AIM OF THE TASK: Would you please retype, exactly, the lines of the listing below between the line with "4 мамыр күні" and the line with "小圓點細肩內網紗長洋*2色", inclusive?

PROVIDED DATA:
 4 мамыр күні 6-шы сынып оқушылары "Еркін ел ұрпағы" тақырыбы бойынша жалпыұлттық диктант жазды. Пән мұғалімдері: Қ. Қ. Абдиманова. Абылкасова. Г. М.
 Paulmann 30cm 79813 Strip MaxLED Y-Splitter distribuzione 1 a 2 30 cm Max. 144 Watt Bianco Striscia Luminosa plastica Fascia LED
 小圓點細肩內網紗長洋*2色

--

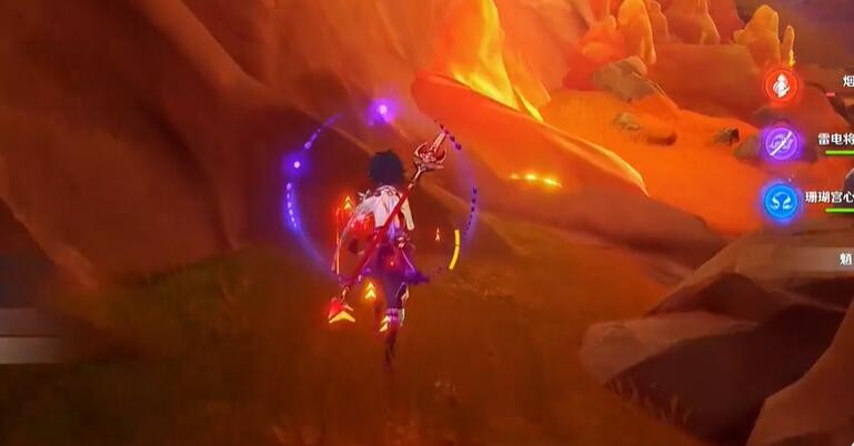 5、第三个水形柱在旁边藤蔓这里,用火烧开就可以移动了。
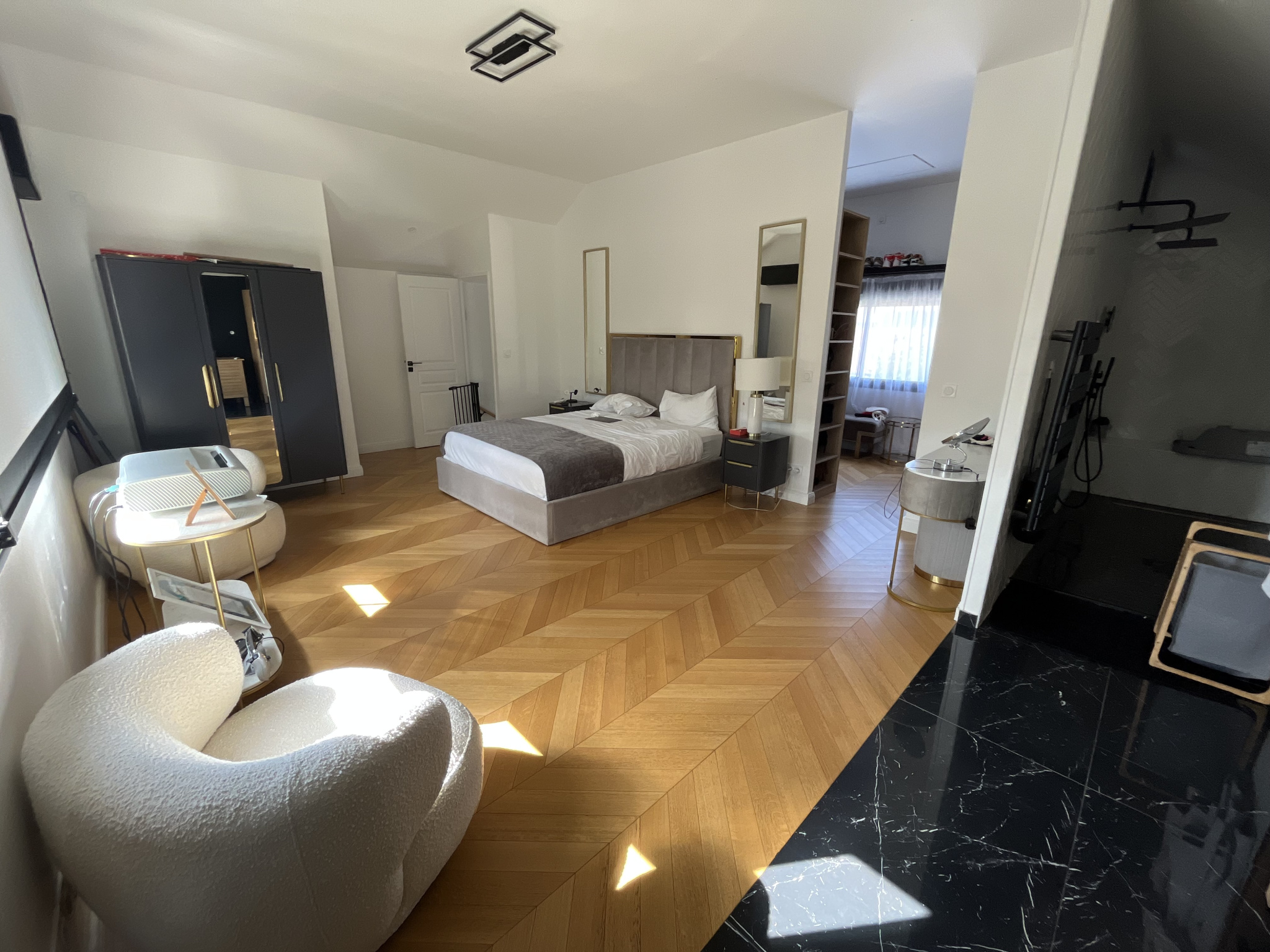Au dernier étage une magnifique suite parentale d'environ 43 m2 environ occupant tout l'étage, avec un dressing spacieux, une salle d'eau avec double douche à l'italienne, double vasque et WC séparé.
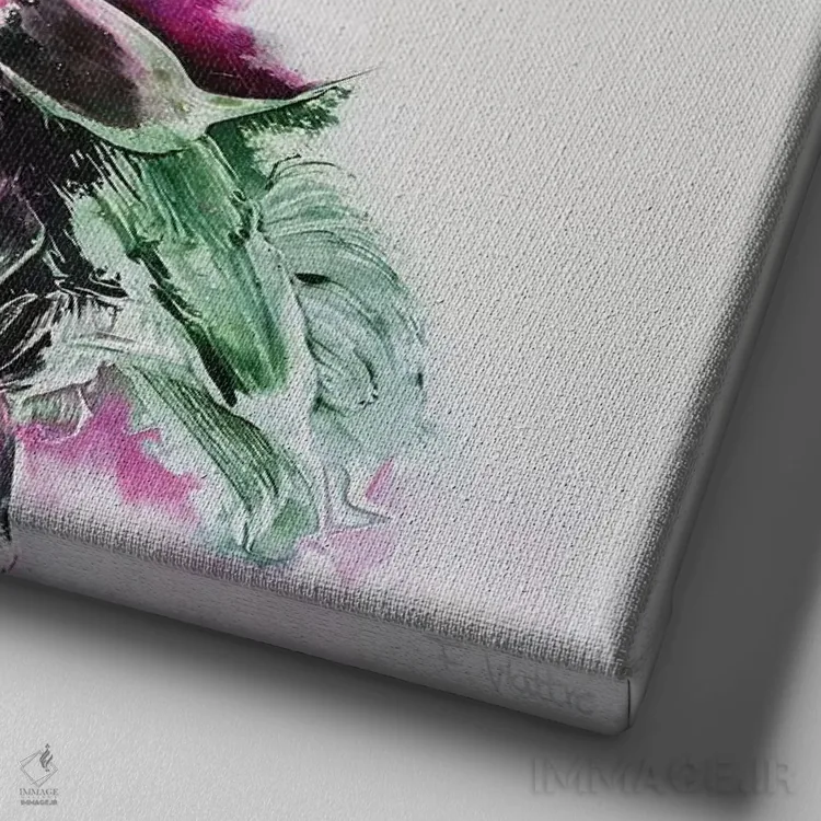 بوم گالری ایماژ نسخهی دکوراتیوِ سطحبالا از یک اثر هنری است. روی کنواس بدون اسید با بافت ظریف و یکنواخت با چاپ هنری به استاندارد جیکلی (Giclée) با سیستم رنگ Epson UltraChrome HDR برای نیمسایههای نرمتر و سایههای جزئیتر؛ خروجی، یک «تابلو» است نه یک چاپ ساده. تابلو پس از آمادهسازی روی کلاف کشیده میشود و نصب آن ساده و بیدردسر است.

SOLUTION TO THIS TASK:
 4 мамыр күні 6-шы сынып оқушылары "Еркін ел ұрпағы" тақырыбы бойынша жалпыұлттық диктант жазды. Пән мұғалімдері: Қ. Қ. Абдиманова. Абылкасова. Г. М.
 Paulmann 30cm 79813 Strip MaxLED Y-Splitter distribuzione 1 a 2 30 cm Max. 144 Watt Bianco Striscia Luminosa plastica Fascia LED
 小圓點細肩內網紗長洋*2色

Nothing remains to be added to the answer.